Records from a dataset
▼
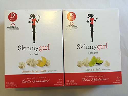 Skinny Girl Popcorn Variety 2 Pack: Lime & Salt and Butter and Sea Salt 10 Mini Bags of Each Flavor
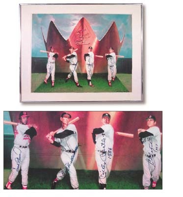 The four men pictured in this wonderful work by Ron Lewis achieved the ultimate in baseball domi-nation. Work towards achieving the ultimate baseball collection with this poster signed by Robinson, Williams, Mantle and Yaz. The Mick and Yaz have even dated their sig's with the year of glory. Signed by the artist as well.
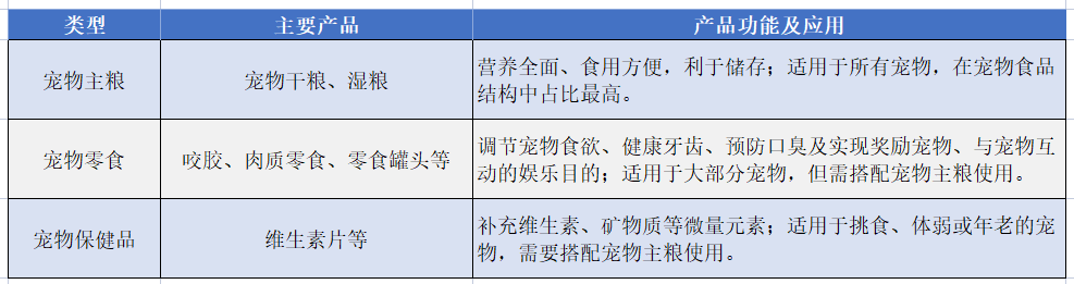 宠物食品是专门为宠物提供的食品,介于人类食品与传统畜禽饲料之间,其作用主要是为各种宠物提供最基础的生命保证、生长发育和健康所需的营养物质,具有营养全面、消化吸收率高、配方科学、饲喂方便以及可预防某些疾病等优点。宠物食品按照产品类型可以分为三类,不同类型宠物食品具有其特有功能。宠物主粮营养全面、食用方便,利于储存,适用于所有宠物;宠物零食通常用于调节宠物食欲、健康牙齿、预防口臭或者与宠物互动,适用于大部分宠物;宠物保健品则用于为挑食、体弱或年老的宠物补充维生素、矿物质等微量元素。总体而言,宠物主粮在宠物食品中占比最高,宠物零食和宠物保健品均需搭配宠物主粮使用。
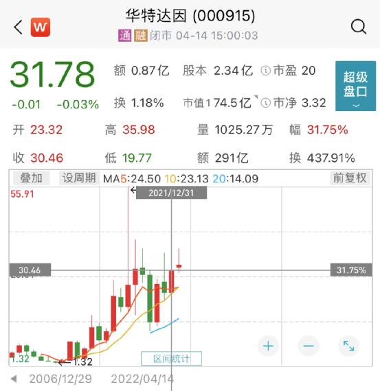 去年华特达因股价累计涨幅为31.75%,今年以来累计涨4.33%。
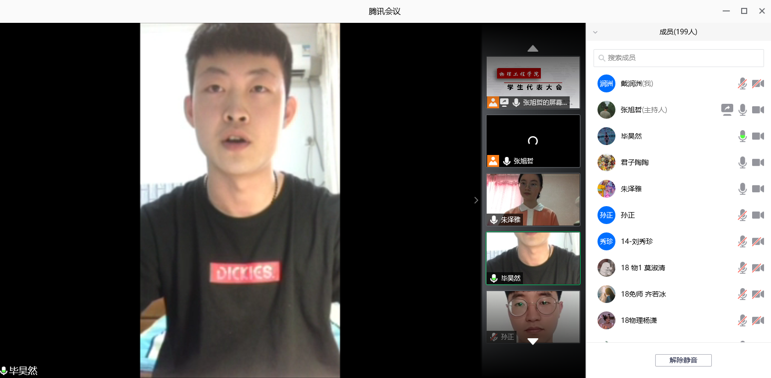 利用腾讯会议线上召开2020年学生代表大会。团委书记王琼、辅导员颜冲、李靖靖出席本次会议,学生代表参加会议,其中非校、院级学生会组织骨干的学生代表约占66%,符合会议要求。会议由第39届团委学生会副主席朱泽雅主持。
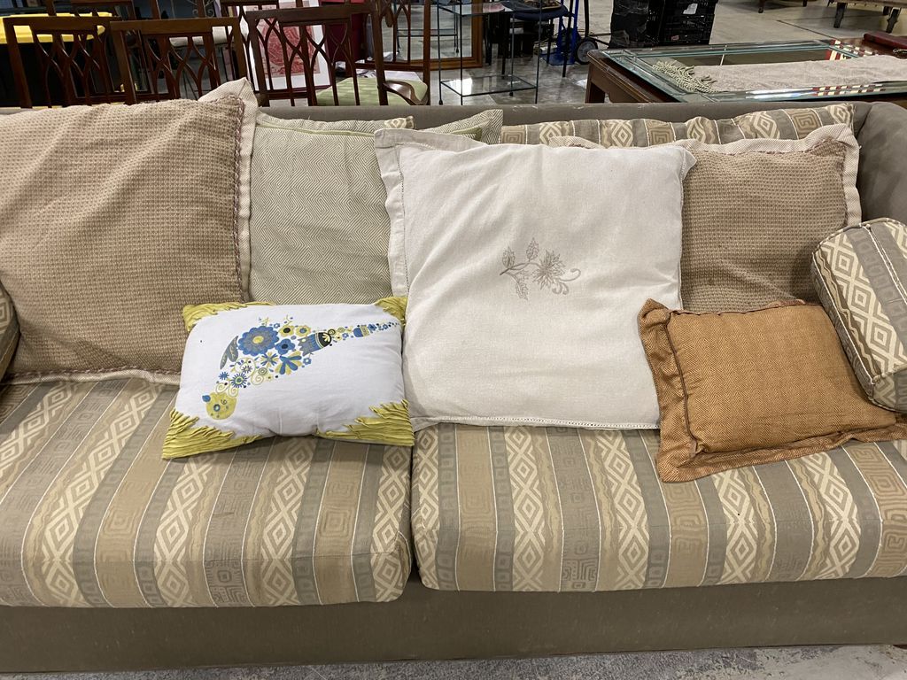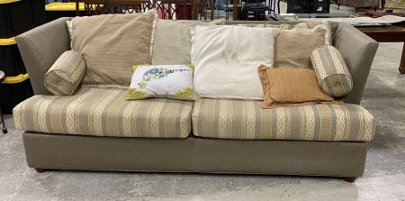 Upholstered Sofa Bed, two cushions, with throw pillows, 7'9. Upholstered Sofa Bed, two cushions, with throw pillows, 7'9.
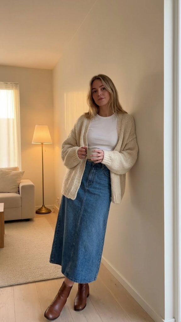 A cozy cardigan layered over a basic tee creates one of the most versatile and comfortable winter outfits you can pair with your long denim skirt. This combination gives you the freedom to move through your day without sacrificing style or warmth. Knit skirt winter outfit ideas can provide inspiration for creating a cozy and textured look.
▲
_What the task asks_:
What is needed is a word-for-word copy of the lines from the start of the data to the line with "pillows, 7'9. Upholstered", inclusive, with no pictures in it.

_Response to this exercise_:
 Skinny Girl Popcorn Variety 2 Pack: Lime & Salt and Butter and Sea Salt 10 Mini Bags of Each Flavor
 The four men pictured in this wonderful work by Ron Lewis achieved the ultimate in baseball domi-nation. Work towards achieving the ultimate baseball collection with this poster signed by Robinson, Williams, Mantle and Yaz. The Mick and Yaz have even dated their sig's with the year of glory. Signed by the artist as well.
 宠物食品是专门为宠物提供的食品,介于人类食品与传统畜禽饲料之间,其作用主要是为各种宠物提供最基础的生命保证、生长发育和健康所需的营养物质,具有营养全面、消化吸收率高、配方科学、饲喂方便以及可预防某些疾病等优点。宠物食品按照产品类型可以分为三类,不同类型宠物食品具有其特有功能。宠物主粮营养全面、食用方便,利于储存,适用于所有宠物;宠物零食通常用于调节宠物食欲、健康牙齿、预防口臭或者与宠物互动,适用于大部分宠物;宠物保健品则用于为挑食、体弱或年老的宠物补充维生素、矿物质等微量元素。总体而言,宠物主粮在宠物食品中占比最高,宠物零食和宠物保健品均需搭配宠物主粮使用。
 去年华特达因股价累计涨幅为31.75%,今年以来累计涨4.33%。
 利用腾讯会议线上召开2020年学生代表大会。团委书记王琼、辅导员颜冲、李靖靖出席本次会议,学生代表参加会议,其中非校、院级学生会组织骨干的学生代表约占66%,符合会议要求。会议由第39届团委学生会副主席朱泽雅主持。
 Upholstered Sofa Bed, two cushions, with throw pillows, 7'9. Upholstered Sofa Bed, two cushions, with throw pillows, 7'9.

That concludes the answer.